(Provided material):
------
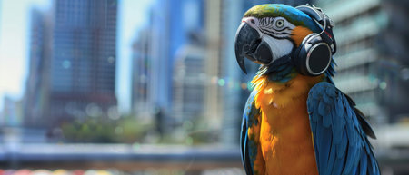 DJ parrot listening to music and dancing with headphones in the background of the street.
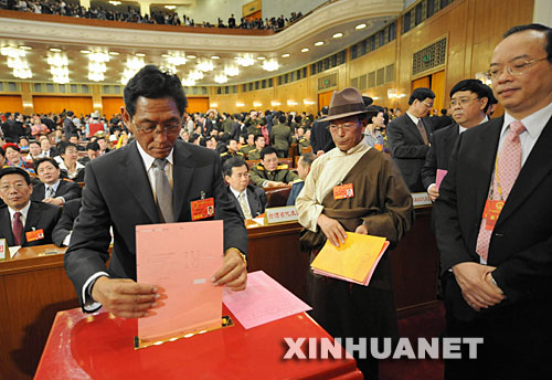3月15日,十一屆全國人大一次會議在北京人民大會堂舉行第五次全體會議,選舉第十一屆全國人民代表大會常務委員會委員長、副委員長、秘書長;選舉第十一屆全國人民代表大會常務委員會委員;選舉中華人民共和國主席、副主席;選舉中華人民共和國中央軍事委員會主席。這是來自西藏的全國人大代表嘎瑪仁青(藏族)在投票。新華社記者馬占成攝
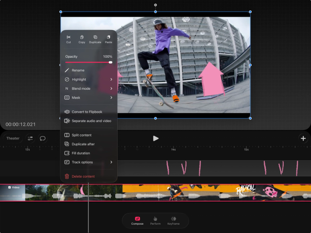 You can import content into Procreate Dreams directly from Files or Photos using the Create menu , or by dragging and dropping it from another app.
------
An exact, picture-free copy of the listing above is the goal; write it out now.

 DJ parrot listening to music and dancing with headphones in the background of the street.
3月15日,十一屆全國人大一次會議在北京人民大會堂舉行第五次全體會議,選舉第十一屆全國人民代表大會常務委員會委員長、副委員長、秘書長;選舉第十一屆全國人民代表大會常務委員會委員;選舉中華人民共和國主席、副主席;選舉中華人民共和國中央軍事委員會主席。這是來自西藏的全國人大代表嘎瑪仁青(藏族)在投票。新華社記者馬占成攝
 You can import content into Procreate Dreams directly from Files or Photos using the Create menu , or by dragging and dropping it from another app.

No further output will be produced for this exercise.